Dow Jones down 165 points for the day, but during the session it got to be down by over 200 points.
Today I decided to close the trade on SPX open on October 11, and get out with a 700 dollar profit in 8 days.
SPX was not threatening any of our breakeven points, but I am always a scared little bitch. I am afraid of the markets, I admit it, and decided to get out of the trade after SPX moved almost 19 points to the downside in today's session.

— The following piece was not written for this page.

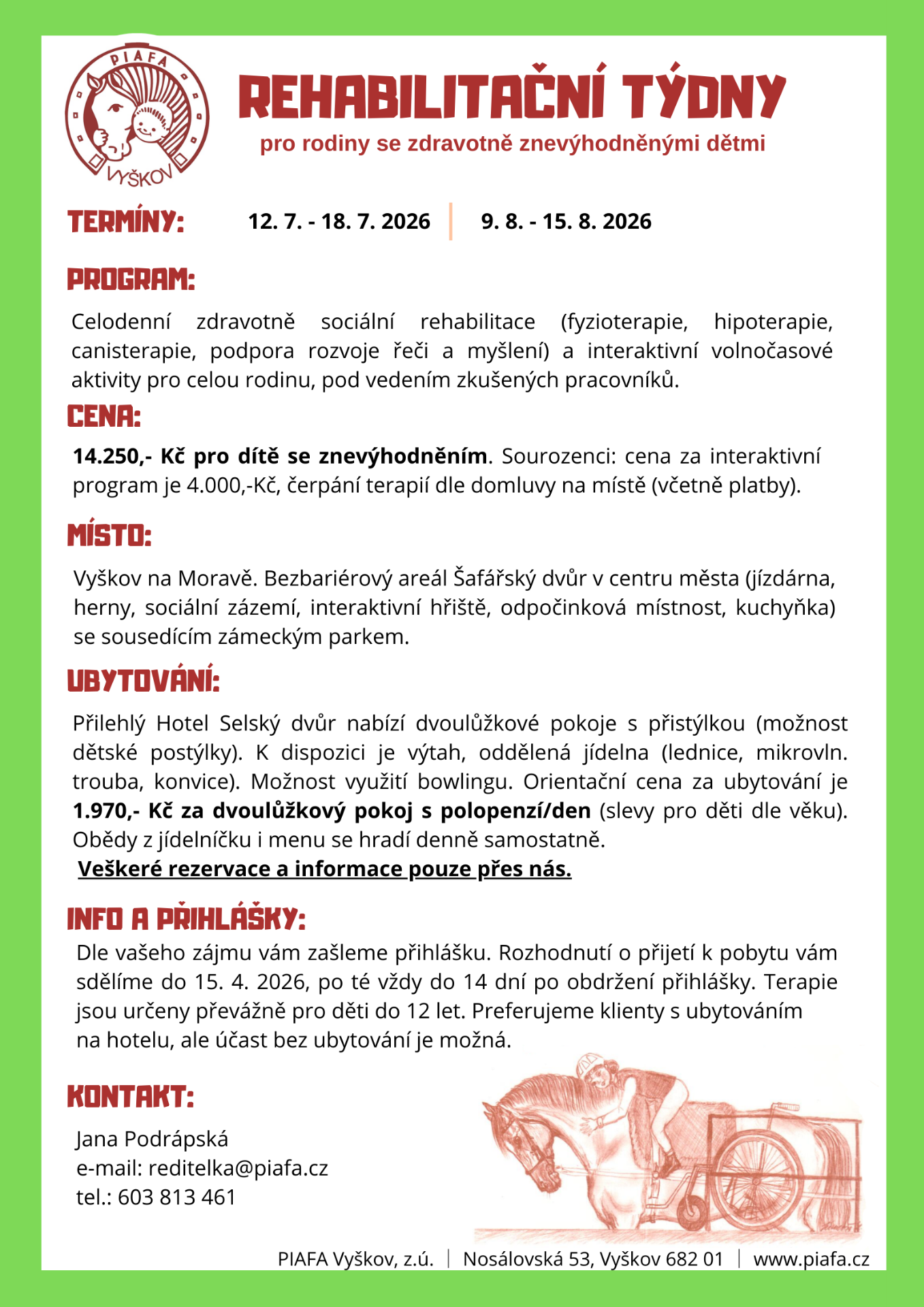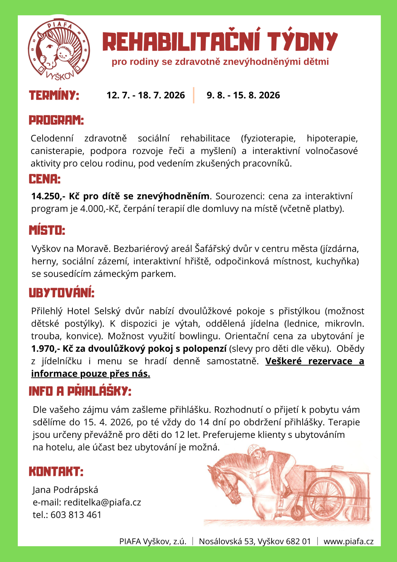 Právě jsme vypsali termíny na celodenní zdravotně-sociální rehabilitační program a interaktivní volnočasové aktivity pro celou rodinu. Čeká vás fyzioterapie, hipoterapie, canisterapie i podpora rozvoje řeči a myšlení, vše pod vedením zkušených a laskavých odborníků. První turnus začíná od 12. 8. do 18.7. 2026 a druhý pak od 9. 8 do 15. 8. 2026....

Initially we had discussed our profit range, which would be between 1102.86 and 1212.28. SPX closed today at 1165.90, so pretty much in the middle of the range. Since we were on the trade 8 days and the index stayed in our profit range we made some profit.
The initial position open was:
BUY 10 NOV SPX 1100 PUT @10.50 (-10.50)
SELL 10 NOV SPX 1105 PUT @11.30 (+11.30)
SELL 10 NOV SPX 1210 CALL @9.00 (+9.00)
BUY 10 NOV SPX 1215 CALL @7.60 (-7.60)
CREDIT RECEIVED 2.20 ($2200 FOR 10 CONTRACTS)
Today it was closed as follows:
SELL 10 NOV SPX 1100 PUT @8.90 (+8.90)
BUY 10 NOV SPX 1105 PUT @9.30 (-9.30)
BUY 10 NOV SPX 1210 CALL @6.10 (-6.10)
SELL 10 NOV SPX 1215 CALL @5.00 (+5.00)
DEBIT 1.50 ($1500 FOR 10 CONTRACTS)
So, out of the initial credit of $2200, we invested $1500 in closing the trade, locking in $700. Not bad at all for an 8 day trade.
A $700 profit on an initial maximum risk defined of $2800 = 25% return on margin.
The commissions charged when the trade was open was $69.95, same as when it was closed. These amounts must be deducted from the $700 profit.
Another person would probably have held the trade longer. This is just me.